La Charte, oui. Mais pas la troisième partie du traité...
Eh bien, parlons-en. Cette troisième partie, c'est la codification de tous les traités antérieurs. Qui était au gouvernement lorsqu'ils ont été négociés et conclus ? Pour l'Acte unique européen de 1986, qui a ouvert les règles de la concurrence, qui était premier ministre ?

Laurent Fabius...
Pour le traité de Maastricht de 1992, qui était premier secrétaire du PS à l'époque, pour demander, à juste titre, d'approuver ce traité ? Laurent Fabius. Et pour le traité de Nice, qui était premier ministre et ministre de l'économie ? Lionel Jospin et Laurent Fabius. Si l'Europe c'est le libéralisme, alors il faudrait que tel ou tel fasse son devoir, non pas d'inventaire, mais de dépôt de bilan politique.

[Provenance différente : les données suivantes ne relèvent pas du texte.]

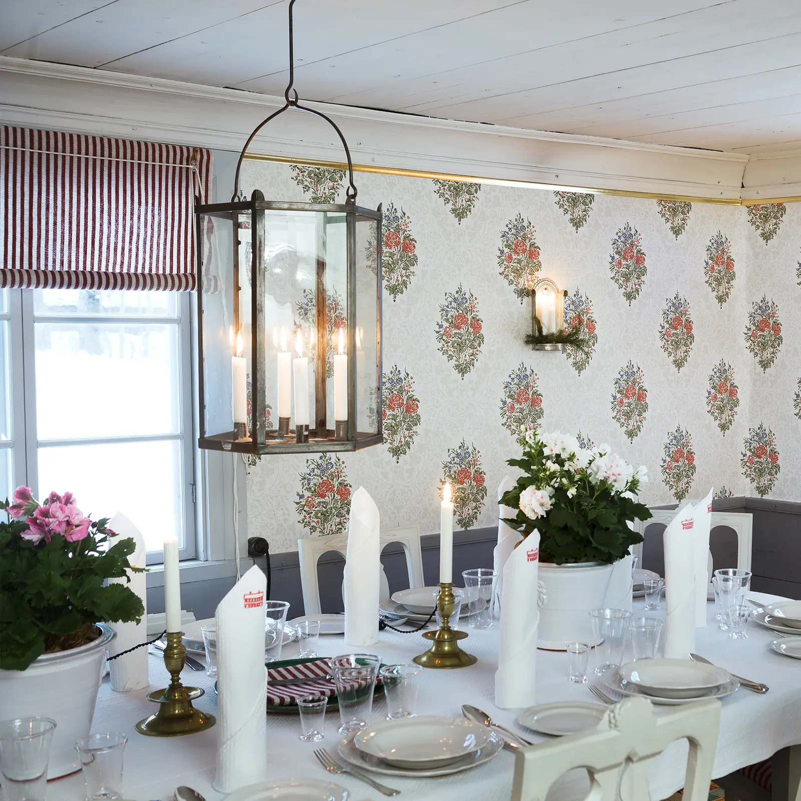 Gården Lars-Daniels i Järvsö, är en typisk hälsingegård från 1800-talets första hälft; två våningar, timmer, rödfärgad, många fönster med gröna handblåsta glasrutor, dekorerad brokvist… Huvudbyggnaden har till stora delar stått orörd sedan den byggdes. Genom att den under 1900-talet mest använts som mobiliseringslager för militären har det heller inte funnits någon anledning att renovera den. ”Storkammaren” är ett av de mest välbevarade rummen i huset och därifrån kommer denna schablontapet. Tiden är runt 1840. Tapeten är på allmogevis en stilblandning; Först ett av 1700-talets favoritmönster – glest spridda blombukter mot enfärgad bakgrund, men här kombinerat med ett skirt, spetsliknande medaljongmönster av den typ som kom med nyrokokon först hundra år senare. Det är det här som är så intressant med allmogens inredningskonst, ofta ogenerade stilkombinationer, ofta ”extra allt” men som slutprodukt ändå varken vulgärt eller smaklöst. Den balansgången var allmogemålarna mästare på. Ett annat säkert stilgrepp är att schablontapeterna oftast kombineras med en lugn, enfärgad bröstpanel upp till fönsterhöjd, så att rummet, trots stormönstrade tapeter, ändå blev lugnt och välproportionerat.Originaltapeten är målad med limfärg på lumppapper och har varit övertapetserad flera gånger, varför många av de finaste detaljerna i spetsmönstret gått förlorade med tiden. Vid nytryckningen av tapeten har vi varit rädda om just denna patina och valt att inte rekonstruera mönstret till perfektion. Själen i Gysinges tapeter sitter ju överlag i att de just inte är så perfekta.

Si l'on refusait ce traité constitutionnel, on reviendrait à tout ce que l'on dénonce dans la construction européenne, sans les acquis. Ce qui serait quand même un comble.

En approuvant ce traité, ne risquez-vous pas de creuser un peu plus le fossé entre le PS et les classes populaires ?
Le rôle d'un dirigeant politique de gauche, ce n'est pas de suivre tous les mouvements d'humeur, d'enfourcher tous les phantasmes populistes.

C'est ce que fait M. Fabius ?
Je ne l'imagine pas. Ce que je demande, moi, c'est de convaincre les catégories populaires. Ce serait une faute historique de les séparer de l'Europe.

N'êtes-vous pas embarrassé d'appeler, une nouvelle fois, à voter comme Jacques Chirac ?
Je ne conseille pas à ceux qui voudraient utiliser cet argument de persévérer. Parce que si le " oui " sera accompagné, sans doute, par une partie de l'UMP et par l'UDF, par qui serait accompagné le "non", s'il devenait la position du PS ?

Que ferez-vous si le " non " l'emporte, le 1er décembre ?
Si le " oui " l'emporte, je sais ce qui se passe : nous continuons, avec les mêmes équipes et la majorité du congrès de Dijon, le travail engagé depuis deux ans et demi et qui nous a permis d'avoir des victoires électorales importantes.

Et si le " non " l'emporte ?
Si c'est le " non ", je ne sais pas, c'est l'inconnu. L'inconnu au sein du PS parce que cela pourrait être, effectivement, un saut dans le vide. Mais l'inconnu aussi au plan européen, car avec qui pourrait-on résoudre cette crise ? Je n'imagine pas Jacques Chirac négocier un traité plus à gauche. Pas davantage les gouvernements actuels de l'Europe, dont 18 sur 25 sont à droite. On sait qu'on aura une Europe en panne.

Dans ce cas, vous imaginez-vous rester premier secrétaire et défendre le " non " lors du référendum national en 2005 ?
J'ai posé une règle simple qui vaudra dans tous les cas de figure : mèneront campagne pour le référendum dans le pays ceux qui auront défendu la ligne choisie par les militants. Si le " non " l'emporte, ce sera à ceux qui ont défendu cette position dans le parti d'en convaincre les Français.